Work to complete » Among the entries below, find the line with "This bingo card" and the line with "TEC I Reacej🐐#94". Return exactly those lines and every line between them, but no pictures.

Materials provided section start

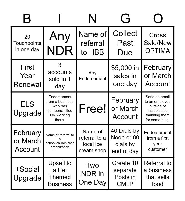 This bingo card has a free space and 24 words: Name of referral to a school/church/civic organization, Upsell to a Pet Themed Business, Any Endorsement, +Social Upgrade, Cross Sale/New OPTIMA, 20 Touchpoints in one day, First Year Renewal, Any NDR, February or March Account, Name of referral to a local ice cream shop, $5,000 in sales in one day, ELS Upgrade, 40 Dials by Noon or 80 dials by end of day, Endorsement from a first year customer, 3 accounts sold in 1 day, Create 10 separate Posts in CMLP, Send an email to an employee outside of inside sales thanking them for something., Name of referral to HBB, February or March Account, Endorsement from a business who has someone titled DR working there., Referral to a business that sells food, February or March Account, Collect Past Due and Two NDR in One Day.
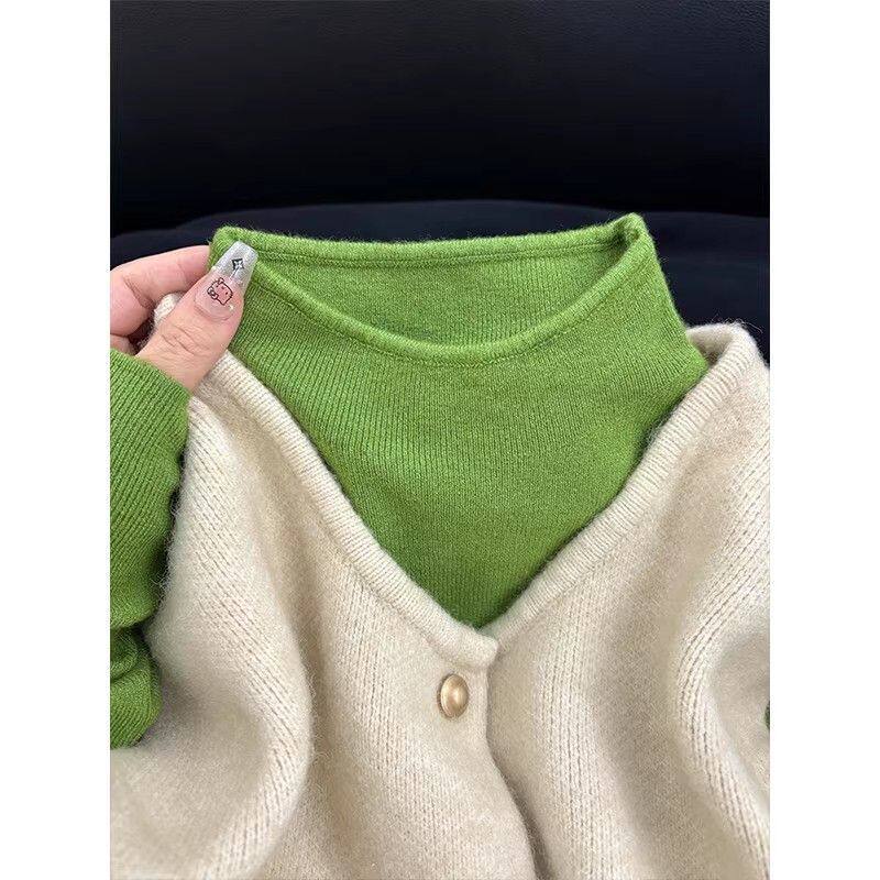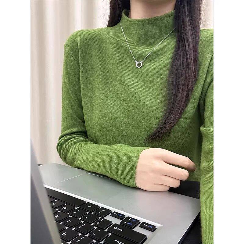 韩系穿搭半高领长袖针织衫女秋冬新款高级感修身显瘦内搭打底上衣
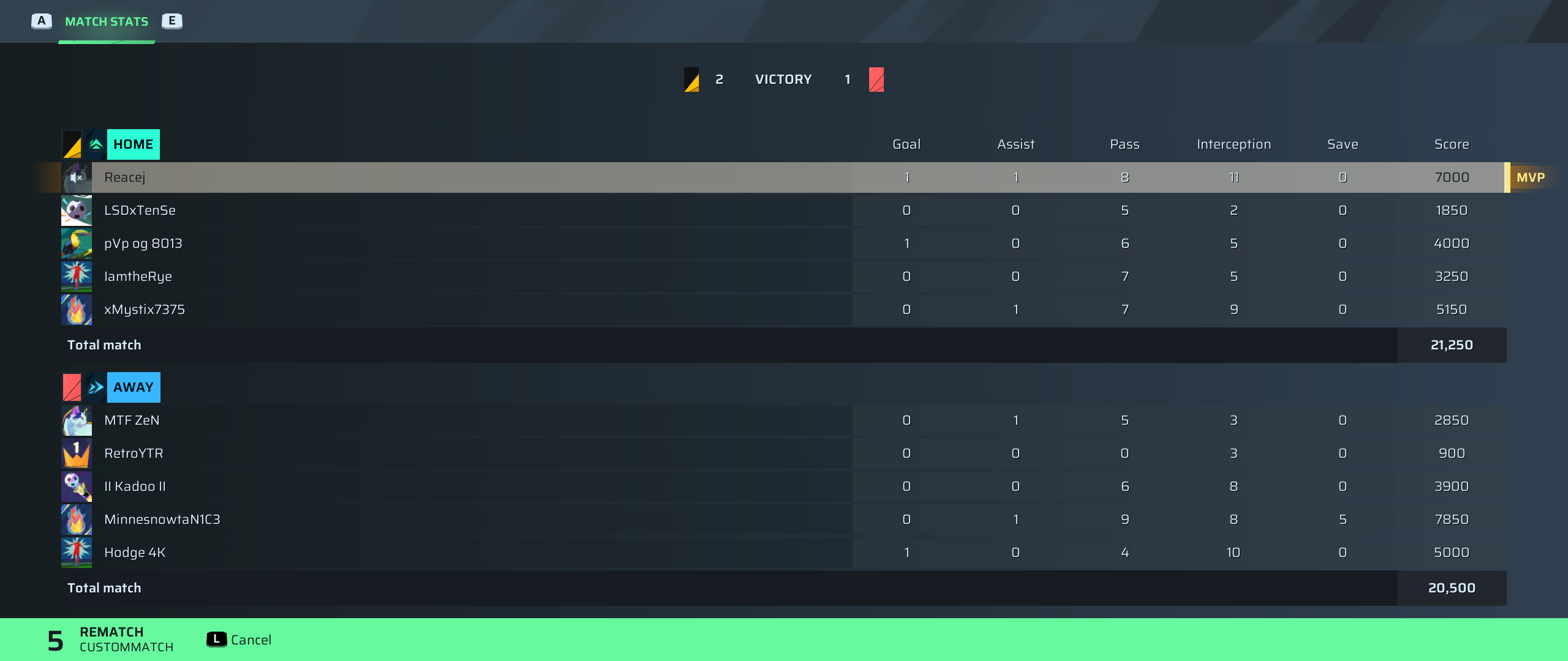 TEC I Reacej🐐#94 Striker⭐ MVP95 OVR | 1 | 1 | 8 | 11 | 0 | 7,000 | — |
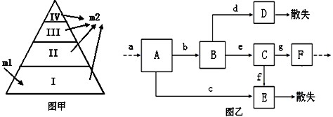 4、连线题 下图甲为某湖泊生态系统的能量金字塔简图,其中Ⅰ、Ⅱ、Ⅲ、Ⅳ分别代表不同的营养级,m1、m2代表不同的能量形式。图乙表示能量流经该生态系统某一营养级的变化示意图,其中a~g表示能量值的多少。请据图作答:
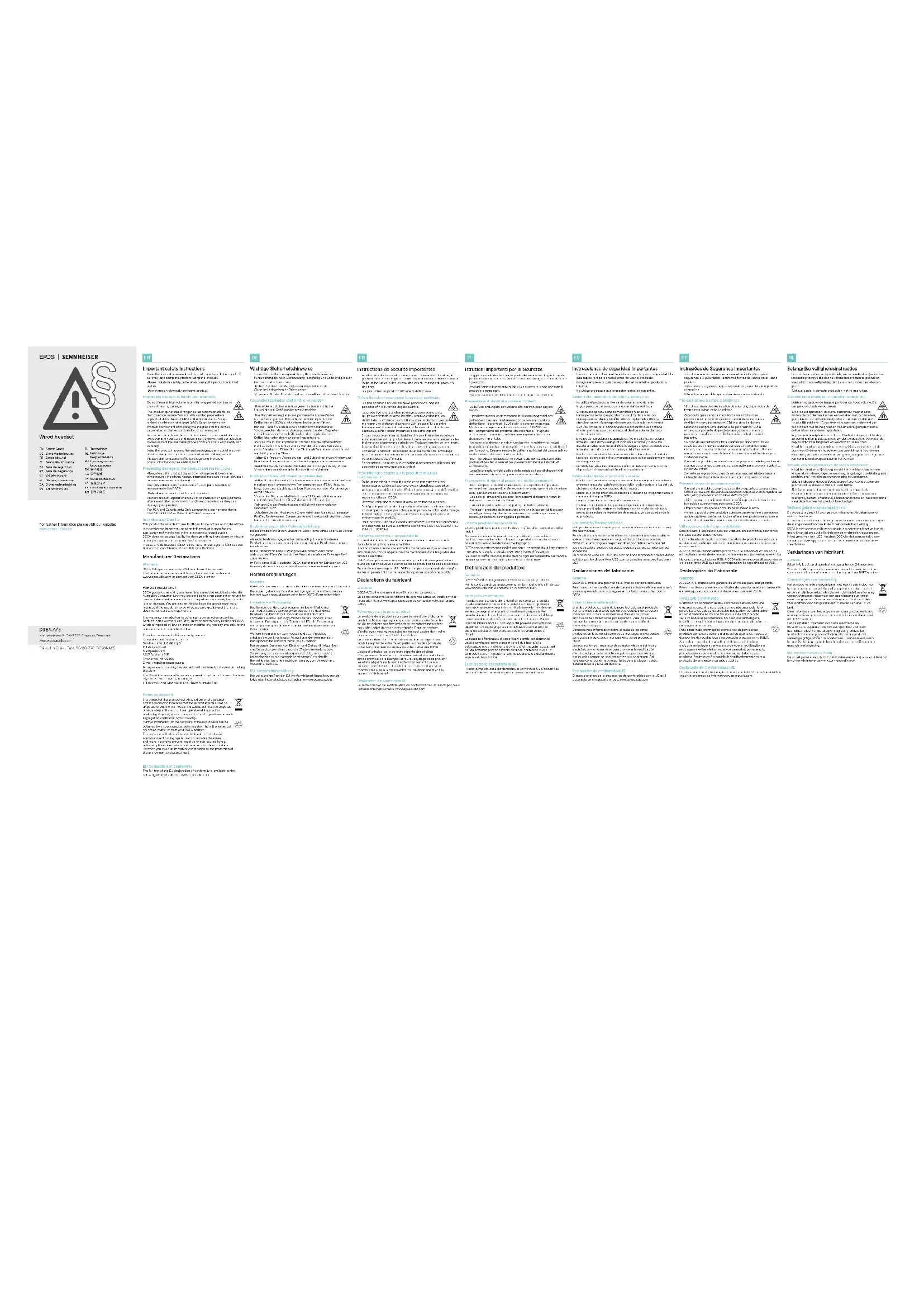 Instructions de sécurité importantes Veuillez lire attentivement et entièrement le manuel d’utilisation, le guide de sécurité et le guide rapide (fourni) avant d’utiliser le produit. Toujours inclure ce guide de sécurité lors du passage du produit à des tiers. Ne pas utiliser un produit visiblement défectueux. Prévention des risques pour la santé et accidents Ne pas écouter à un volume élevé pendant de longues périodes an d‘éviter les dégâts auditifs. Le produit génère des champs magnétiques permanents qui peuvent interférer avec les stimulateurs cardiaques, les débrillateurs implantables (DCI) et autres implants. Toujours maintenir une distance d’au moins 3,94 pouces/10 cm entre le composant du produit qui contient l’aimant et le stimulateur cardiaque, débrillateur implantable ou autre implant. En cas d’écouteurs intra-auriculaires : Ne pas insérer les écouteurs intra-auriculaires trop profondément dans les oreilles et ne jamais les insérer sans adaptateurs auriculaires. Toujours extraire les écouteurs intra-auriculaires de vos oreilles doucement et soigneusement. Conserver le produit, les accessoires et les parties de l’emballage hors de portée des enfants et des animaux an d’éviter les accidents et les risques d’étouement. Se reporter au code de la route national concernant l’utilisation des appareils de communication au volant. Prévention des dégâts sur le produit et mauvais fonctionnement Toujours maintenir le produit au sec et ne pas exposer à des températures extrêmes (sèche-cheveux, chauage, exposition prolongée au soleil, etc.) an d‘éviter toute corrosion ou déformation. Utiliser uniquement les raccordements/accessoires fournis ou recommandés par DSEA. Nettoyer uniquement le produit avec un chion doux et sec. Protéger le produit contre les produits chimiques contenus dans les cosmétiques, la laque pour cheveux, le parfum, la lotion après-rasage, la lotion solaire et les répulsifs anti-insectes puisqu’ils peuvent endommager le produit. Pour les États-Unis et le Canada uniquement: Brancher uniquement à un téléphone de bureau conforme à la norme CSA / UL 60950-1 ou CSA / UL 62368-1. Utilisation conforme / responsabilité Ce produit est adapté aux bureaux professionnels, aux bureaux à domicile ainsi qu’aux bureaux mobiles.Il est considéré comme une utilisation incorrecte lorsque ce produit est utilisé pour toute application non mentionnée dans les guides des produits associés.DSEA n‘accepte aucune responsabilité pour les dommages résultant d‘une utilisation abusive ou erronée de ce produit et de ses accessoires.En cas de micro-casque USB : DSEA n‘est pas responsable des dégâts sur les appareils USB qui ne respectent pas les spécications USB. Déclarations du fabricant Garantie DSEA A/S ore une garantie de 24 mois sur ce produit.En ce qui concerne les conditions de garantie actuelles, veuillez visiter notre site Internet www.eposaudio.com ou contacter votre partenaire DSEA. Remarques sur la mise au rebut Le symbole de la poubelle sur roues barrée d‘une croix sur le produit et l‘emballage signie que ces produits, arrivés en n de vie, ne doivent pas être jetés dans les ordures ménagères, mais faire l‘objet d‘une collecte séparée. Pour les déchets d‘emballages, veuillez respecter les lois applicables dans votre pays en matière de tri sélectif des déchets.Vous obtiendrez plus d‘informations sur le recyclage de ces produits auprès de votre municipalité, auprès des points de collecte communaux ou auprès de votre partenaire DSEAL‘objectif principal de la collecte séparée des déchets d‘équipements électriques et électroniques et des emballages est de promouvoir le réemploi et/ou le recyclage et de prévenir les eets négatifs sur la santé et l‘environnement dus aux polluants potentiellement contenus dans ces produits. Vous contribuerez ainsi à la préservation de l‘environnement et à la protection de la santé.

Materials provided section end
Materials provided section start

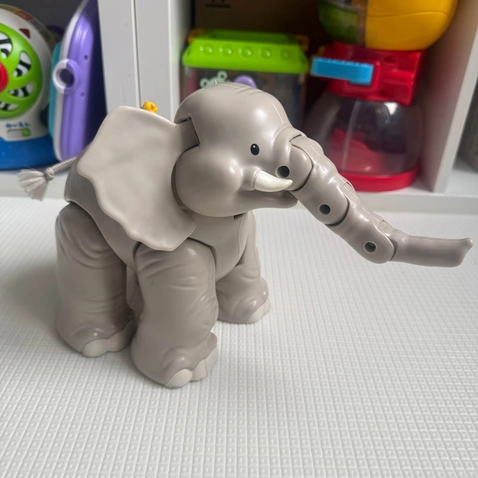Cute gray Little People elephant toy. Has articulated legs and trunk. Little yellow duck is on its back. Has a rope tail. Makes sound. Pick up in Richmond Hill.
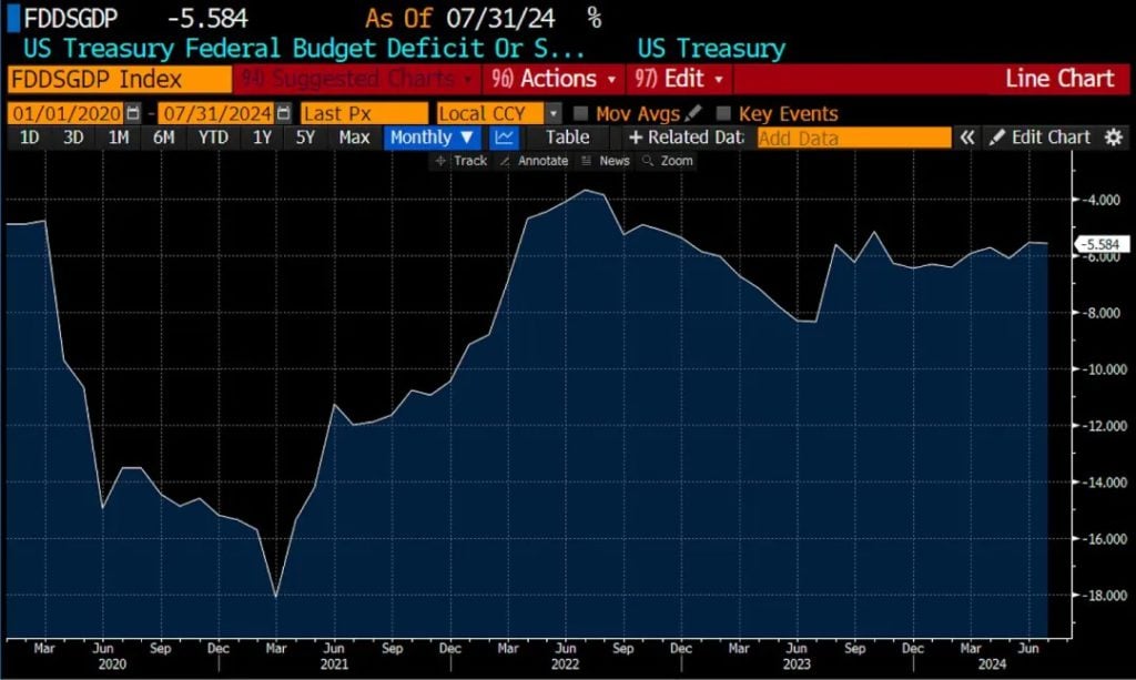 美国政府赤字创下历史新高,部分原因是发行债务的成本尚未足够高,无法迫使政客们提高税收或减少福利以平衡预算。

Materials provided section end

Task response »
 This bingo card has a free space and 24 words: Name of referral to a school/church/civic organization, Upsell to a Pet Themed Business, Any Endorsement, +Social Upgrade, Cross Sale/New OPTIMA, 20 Touchpoints in one day, First Year Renewal, Any NDR, February or March Account, Name of referral to a local ice cream shop, $5,000 in sales in one day, ELS Upgrade, 40 Dials by Noon or 80 dials by end of day, Endorsement from a first year customer, 3 accounts sold in 1 day, Create 10 separate Posts in CMLP, Send an email to an employee outside of inside sales thanking them for something., Name of referral to HBB, February or March Account, Endorsement from a business who has someone titled DR working there., Referral to a business that sells food, February or March Account, Collect Past Due and Two NDR in One Day.
 韩系穿搭半高领长袖针织衫女秋冬新款高级感修身显瘦内搭打底上衣
 TEC I Reacej🐐#94 Striker⭐ MVP95 OVR | 1 | 1 | 8 | 11 | 0 | 7,000 | — |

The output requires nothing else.